What a great forum this is!  A whole group of people who like to read as much as I do...incredibly nifty!  I'm looking forward to getting to know everyone!


----------



## intinst (Dec 23, 2008)

Greetings and Welcome, Madeline!! We are so glad you found KindleBoards! We have many areas that you probably will like. Have you been to The Book Corner yet? That's the area for discussions about books (naturally  ). That's also where you will find threads about books Recommended by our Members and a list of additional sites for Book Lovers.
Then there is the Book Bazaar where our member/authors post about their books and hold discussions about writing, publishing and many other topics. That is also where you will locate Bargain Books and even Free Books threads where you can get reading material at low or no cost! Here is a link to get you started: Master list of free & under $1 titles available from Amazon.
If you have a question about your Kindle or it's usage, check out the FAQ or the forum about Tips, Tricks and Trouble Shooting . Or, just ask your question. We have many helpful and knowledgeable people here at KB and we feel there is no such thing as a "dumb" question. Questions about KindleBoards may be answered at Your guide to Forum Speak! linked from Forum tips. If not, once again, ask away! *To keep everything running smoothly, we ask that everyone read Forum decorum.*
Another popular place is Let's Talk Kindle, where all things in the Kindle world are posted about. Be sure and check out the Photo Gallery, where pictures of members, pets, flowers, landscapes or just almost anything interesting can be found.
Have you been to the Accessories area? There you will see information about covers, skins, lights, bags, stands and many other items to allow you to personalize your Kindle.
Looking to just kill some time while you are waiting for your Kindle or if you have your kindle, want to try something different? Try INFINITY Game - Word Association or The "INFINITY" Thread: KEEP POSTING...Ready, Set,... GO!!! in the Not Quite Kindle area.
Sorry for the long post, but there is just so much to do, learn and like about KindleBoards that I just get carried away.


----------



## David &#039;Half-Orc&#039; Dalglish (Feb 1, 2010)

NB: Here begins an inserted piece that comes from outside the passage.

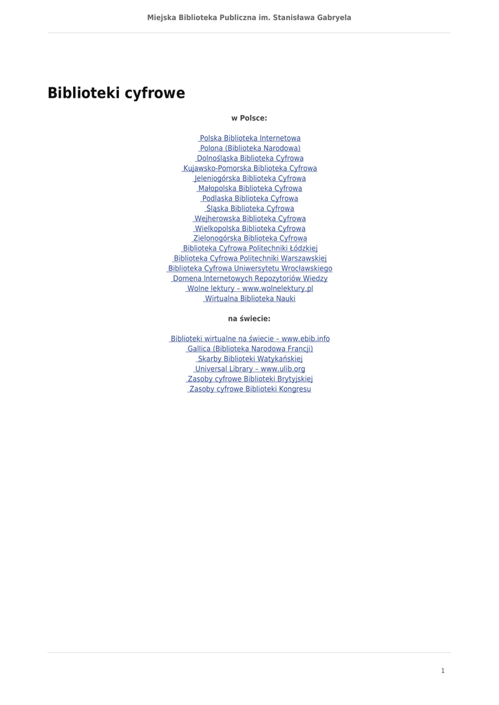 Miejska Biblioteka Publiczna im. Stanisława Gabryela Biblioteki cyfrowe w Polsce: Polska Biblioteka Internetowa Polona (Biblioteka Narodowa) Dolnośląska Biblioteka Cyfrowa Kujawsko-Pomorska Biblioteka Cyfrowa Jeleniogórska Biblioteka Cyfrowa Małopolska Biblioteka Cyfrowa Podlaska Biblioteka Cyfrowa Śląska Biblioteka Cyfrowa Wejherowska Biblioteka Cyfrowa Wielkopolska Biblioteka Cyfrowa Zielonogórska Biblioteka Cyfrowa Biblioteka Cyfrowa Politechniki Łódzkiej Biblioteka Cyfrowa Politechniki Warszawskiej Biblioteka Cyfrowa Uniwersytetu Wrocławskiego Domena Internetowych Repozytoriów Wiedzy Wolne lektury – www.wolnelektury.pl Wirtualna Biblioteka Nauki na świecie: Biblioteki wirtualne na świecie – www.ebib.info Gallica (Biblioteka Narodowa Francji) Skarby Biblioteki Watykańskiej Universal Library – www.ulib.org Zasoby cyfrowe Biblioteki Brytyjskiej Zasoby cyfrowe Biblioteki Kongresu 1

Hrm. Based on what you've described, the first book that came to mind, and its from a member here, is Thin Blood. It is only 99 cents and is selling like crazy right now.

David Dalglish


----------



## crebel (Jan 15, 2009)

The Sculptor, Gregory Funaro (kindle) was a free offering in December and is only $3.49 now. I thought it was one of the most riveting suspense/mystery/psychological thrillers I have read in a long time, really impressive for a new fiction author. It has a strong female lead. I highly recommend it.

Welcome to Kindleboards!


----------



## Madeline (Jun 5, 2010)

Thanks for all the info guys.

I picked up Thin Blood, The Sculpter, A Happily Ever After Of Her Own, The Forgotten Garden, His Majesty's Dragon, and The Surgeon.

Pale Immortal looks good, but a little too creepy for me at the moment.  In my flu induced drug high, I was afraid it would creep me out a little too much, but I do have it on my wish list for later 

I also might try your books in the near future, David, as I do like fantasy as well!

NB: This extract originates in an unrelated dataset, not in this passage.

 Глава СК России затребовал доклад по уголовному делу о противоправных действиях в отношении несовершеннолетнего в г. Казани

Started reading Thin Blood and it's good so far...some of the language is a bit odd I think because it's Australian slang...but so far so good!


----------



## Shayne Parkinson (Mar 19, 2010)

I was poised to recommend "Thin Blood", but I see that David has got there ahead of me 

Welcome to Kindleboards, Madeline!


----------



## Daphne (May 27, 2010)

Greetings Madeline - I'm pretty new around here too. You mention that you like murder mysteries. Have you read the Dorothy Sayers books? My favourites are the ones with Harriet Vane in - Strong Poison, Have his Carcass and Gaudy Night. I just looked and can only find "Whose Body" available on kindle, but I keep going back and finding that books become available. I've been reading all my old favourites on my kindle - Great Gatsby, Hitchhiker's Guide, Othello, The Mersey Sound. Enjoy your reading!


----------



## Betsy the Quilter (Oct 27, 2008)

If you like mysteries with a strong female lead, you couldn't do any better than J D Robb's In Death series. The first one is 










(J D Robb is a psuedonym of Nora Roberts, as these are very different from the regular Nora Roberts books. I'm just okay with Nora Roberts but I love J D Robb.)

The main character, Eve Dallas, is a take-no-prisoners homicide detective in the future....and then, there's Roarke. Oh my.  I love the blend of future technology and down and dirty police work. Roberts, as Robb, has created an intriguing future world and peopled it with characters who grow with the series.

Betsy


----------



## drenee (Nov 11, 2008)

This was one of my first Kindle books, and I loved it.
deb


----------



## DonnaFaz (Dec 5, 2009)

Madeline, welcome to the boards! The people here are ALWAYS ready, willing and very able to suggest books. Get ready to be overwhelmed by all the choices.  

~Donna~


----------



## dnagirl (Oct 21, 2009)

I'm guessing you might like any of the Clive Cussler Dirk Pitt novels. Try The Mediterranean Caper or Raise the Titanic.


----------



## Imogen Rose (Mar 22, 2010)

Welcome to the boards!  

Imogen


----------



## prairiesky (Aug 11, 2009)

Hi! I am reading and enjoying the Virgin River series. I am currently reading book 2. You can purchase the first 4 titles for your kindle.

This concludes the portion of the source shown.